■ **WHAT YOU WILL DO**:
Take the entries below and retype them word for word, excluding the images.
*** Opening of RECORDS SHOWN ***
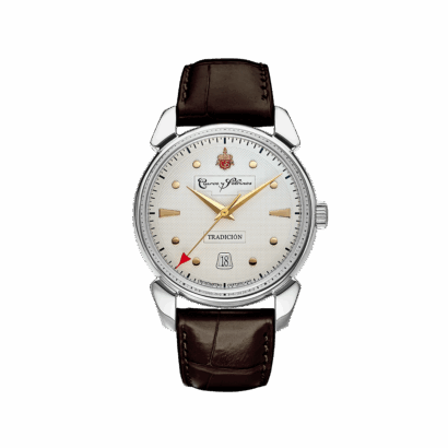 Silver. A finely decorated dial with grid-shaped ‘frappage’, inspired by the original dial motif employed on the former 1950s model’. ‘Cuervo y Sobrinos’ and ‘Tradicion’ vintage style ‘cartouche, date indication. Gold colored applied trapezoidal and circular indices. Gold colored applied CyS emblem with red accents
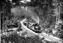 Since the 18th century, tobacco was North Borneo's foremost planting industry.[70] The logging history in North Borneo can be traced since the 1870s.[71] From 1890s, hardwood exports increased,[72] with logging expanding especially during the interwar period.[40] In the 1900s, North Borneo joined the rubber boom. The completion of North Borneo Railway Line helped to transport the resources to a major port on the west coast. By 1915, around 34,828 acres (14,094 ha) of land, in addition to Chinese and North Borneo smallholdings, had been planted with rubber tree.[69] In the same year, North Borneo Governor Aylmer Cavendish Pearson invited Japanese emigrants to participate in the economic activities there. The Japanese government received the request warmly and send researchers to discover potential economic opportunities.[73]
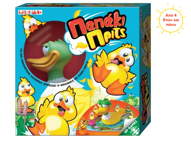 Το επιτραπέζιο "Παπάκι Πρίτς" είναι ένα ξεκαρδιστικό επιτραπέζιο παιχνίδι για όλη την οικογένεια κατάλληλο για παιδιά από 4 ετών.
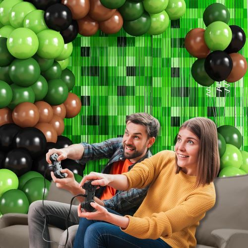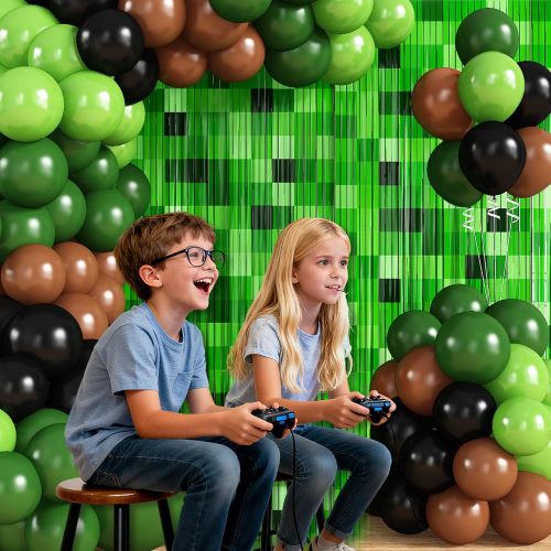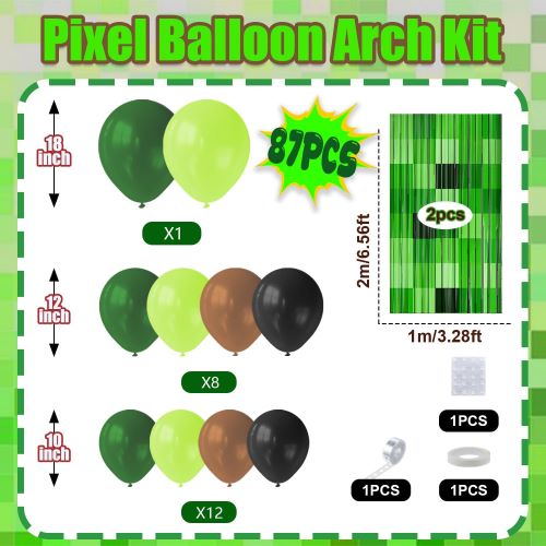 Įkvėptas minecraft vaizdo žaidimų, šis patvarus minecraft balionų arkos rinkinys sujungia įvairių atspalvių žalius pikselių balionus su minecraft tematikos vakarėlio fonais, kad sukurtų žaismingą daugiasluoksnį vaizdą, perteikiantį klasikinių nuotykių žaidimų žavesį.
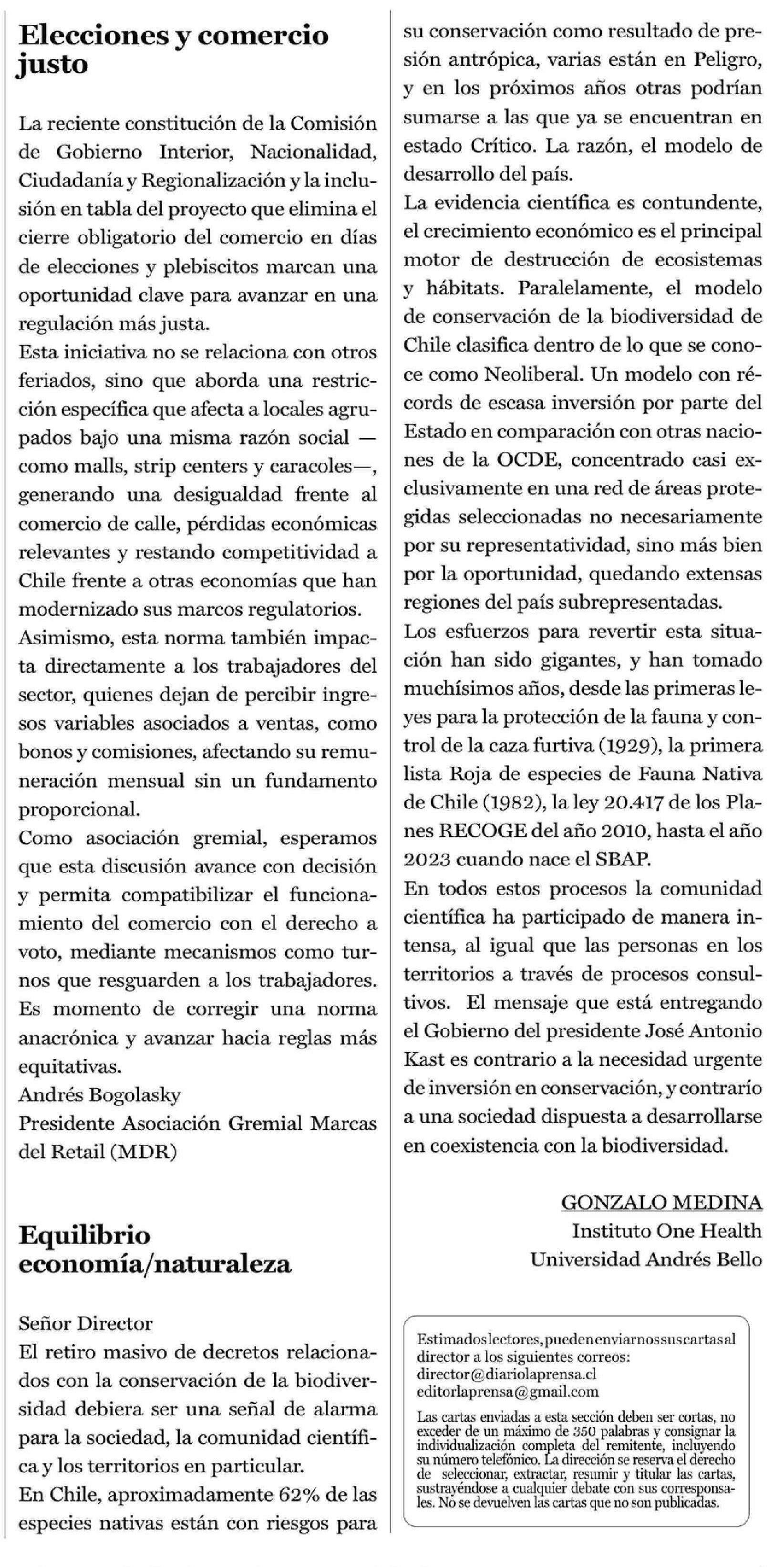 Cartas: Equilibrio economía/naturaleza
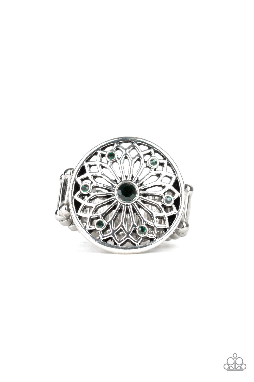 Glittery green rhinestones are sprinkled across a shimmery floral center, creating a whimsical mandala-like frame atop the finger. Features a stretchy band for a flexible fit.
*** Close of RECORDS SHOWN ***
■ **COMPLETED TASK**:
 Silver. A finely decorated dial with grid-shaped ‘frappage’, inspired by the original dial motif employed on the former 1950s model’. ‘Cuervo y Sobrinos’ and ‘Tradicion’ vintage style ‘cartouche, date indication. Gold colored applied trapezoidal and circular indices. Gold colored applied CyS emblem with red accents
 Since the 18th century, tobacco was North Borneo's foremost planting industry.[70] The logging history in North Borneo can be traced since the 1870s.[71] From 1890s, hardwood exports increased,[72] with logging expanding especially during the interwar period.[40] In the 1900s, North Borneo joined the rubber boom. The completion of North Borneo Railway Line helped to transport the resources to a major port on the west coast. By 1915, around 34,828 acres (14,094 ha) of land, in addition to Chinese and North Borneo smallholdings, had been planted with rubber tree.[69] In the same year, North Borneo Governor Aylmer Cavendish Pearson invited Japanese emigrants to participate in the economic activities there. The Japanese government received the request warmly and send researchers to discover potential economic opportunities.[73]
 Το επιτραπέζιο "Παπάκι Πρίτς" είναι ένα ξεκαρδιστικό επιτραπέζιο παιχνίδι για όλη την οικογένεια κατάλληλο για παιδιά από 4 ετών.
 Įkvėptas minecraft vaizdo žaidimų, šis patvarus minecraft balionų arkos rinkinys sujungia įvairių atspalvių žalius pikselių balionus su minecraft tematikos vakarėlio fonais, kad sukurtų žaismingą daugiasluoksnį vaizdą, perteikiantį klasikinių nuotykių žaidimų žavesį.
 Cartas: Equilibrio economía/naturaleza
 Glittery green rhinestones are sprinkled across a shimmery floral center, creating a whimsical mandala-like frame atop the finger. Features a stretchy band for a flexible fit.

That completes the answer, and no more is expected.